In Australia, we continue to benefit from strong price on our Wandoo crude, realizing an average premium of US$6 per barrel over dated brands over the course of 2019. The strong relative pricing has continued in 2020 with our next cargo contracted at a premium of US$24 per barrel over dated Brent.
Slide 9, North America Q4 highlights. In Canada, production averaged 58,600 boed in Q4 2019, up slightly from the prior quarter. Strong results from new well completions in the quarter more than offset natural decline. During the quarter, we drilled one of our best ever condensate-rich lower Mannville wells at Drayton Valley Alberta, achieving an IP30 rate of approximately 1,900 boed, 60% liquids. Inferior, we drilled a liquids-rich upper Mannville well, which delivered an IP30 rate of approximately 1,800 boed, 15% liquids. We are currently in the midst of a very active Q1 2020 drilling campaign in Canada with rig activity in the quarter peaking at six rigs in Saskatchewan and four rigs in Alberta. We plan to complete the majority of our 2020 Canadian drilling program in the first quarter of the year in order to avoid potential delays from an extended spring breakup season for unseasonably wet summer weather.
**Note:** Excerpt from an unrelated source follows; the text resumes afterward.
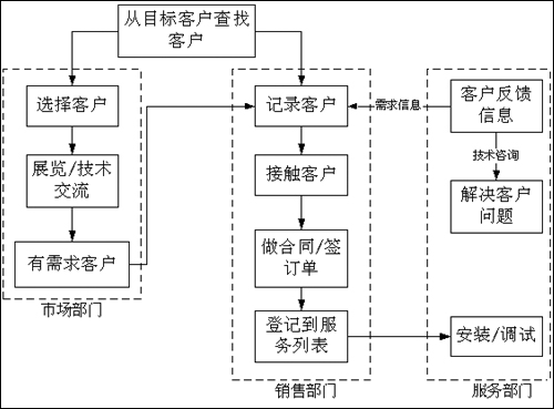 公司從很早就認(rèn)識到經(jīng)營中存在的這些問題,一直在尋找解決的方法和途徑。我們逐漸認(rèn)識到,公司經(jīng)營亟待解決的問題就是如何高效地處理客戶信息、有效地進(jìn)行客戶關(guān)系的管理,這是影響到公司能否獲得更大發(fā)展的關(guān)鍵。因?yàn)樵诠緞倓偲鸩綍r(shí),業(yè)務(wù)人員面對的是很少的客戶群,他們對每個客戶的具體情況非常熟悉,能夠根據(jù)每個客戶的不同需求特點(diǎn)提供相應(yīng)的產(chǎn)品和服務(wù)。而公司的管理人員面對的也是很少的業(yè)務(wù)人員,他們可以清楚地掌握每個業(yè)務(wù)人員的工作情況,并有針對性的加以監(jiān)督管理。公司的業(yè)務(wù)部門設(shè)置相對簡單,彼此的溝通和配合也比較容易進(jìn)行。這時(shí)候幾乎不存在客戶的管理問題。但當(dāng)公司的業(yè)務(wù)成倍增長后,業(yè)務(wù)人員和客戶的數(shù)量都空前膨脹,這時(shí)候簡單的管理手段就承擔(dān)不了如此沉重的管理任務(wù),公司的經(jīng)營就會出現(xiàn)混亂。突出的表現(xiàn)就是客戶、業(yè)務(wù)人員失控,公司的業(yè)務(wù)拓展陷入無序狀態(tài),失去繼續(xù)增長的動力。在這種情況下,要使公司的經(jīng)營走出泥潭,必須要引入的就是先進(jìn)的客戶關(guān)系管理的觀念和手段。

In the United States, Q4 2019 production averaged 5,700 boed, representing an increase of 15% from the prior quarter. The increase was primarily due to a full quarter of contribution from the four wells we brought on production during the third quarter of 2019. These wells continue to perform in line with our type curves, achieving an average IP90 rate of approximately 450 boed. We also began drilling two 1.98 wells in December 2019, for which drilling finished in January 2020 and are currently undergoing completion. We have two rigs operating in our Hilight Field in the Powder River Basin, similar to our Canadian business unit; we plan to execute a front-end weighted capital program in the United States, completing our 12-well 11.9 net 2020 drilling program in the first half of the year.
Slide 10 and 11, 2019 reserves highlights. Proved plus probable reserves increased by 3% year-over-year to 501.2 million barrels of oil equivalent. The large majority of our new reserve additions were through organic activities as we continue to enhance a recovery factor on existing assets and advanced resources to reserves in a number of our operating areas. We converted 36.8 million barrels of oil equivalent of previously booked resources into 2P reserves in 2019.
Looking at some of the reserve metrics on Slide 11, we replaced 120% of 2P reserves organically and added these new reserves at an organic F&D cost of $9.93 per BOE, including FDC, resulting in an operating recycle ratio of 3 times and funds flow recycle ratio of 2.5 times. Our F&D costs have been below $10 per BOE for the past three years, three-year average F&D of $9.38 per BOE, including FDC, while growing our liquids weighting. Driven by a capital-efficient project slate and a continued focus on cost improvements, our three-year organic operating recycle ratio stands at 3.2 times.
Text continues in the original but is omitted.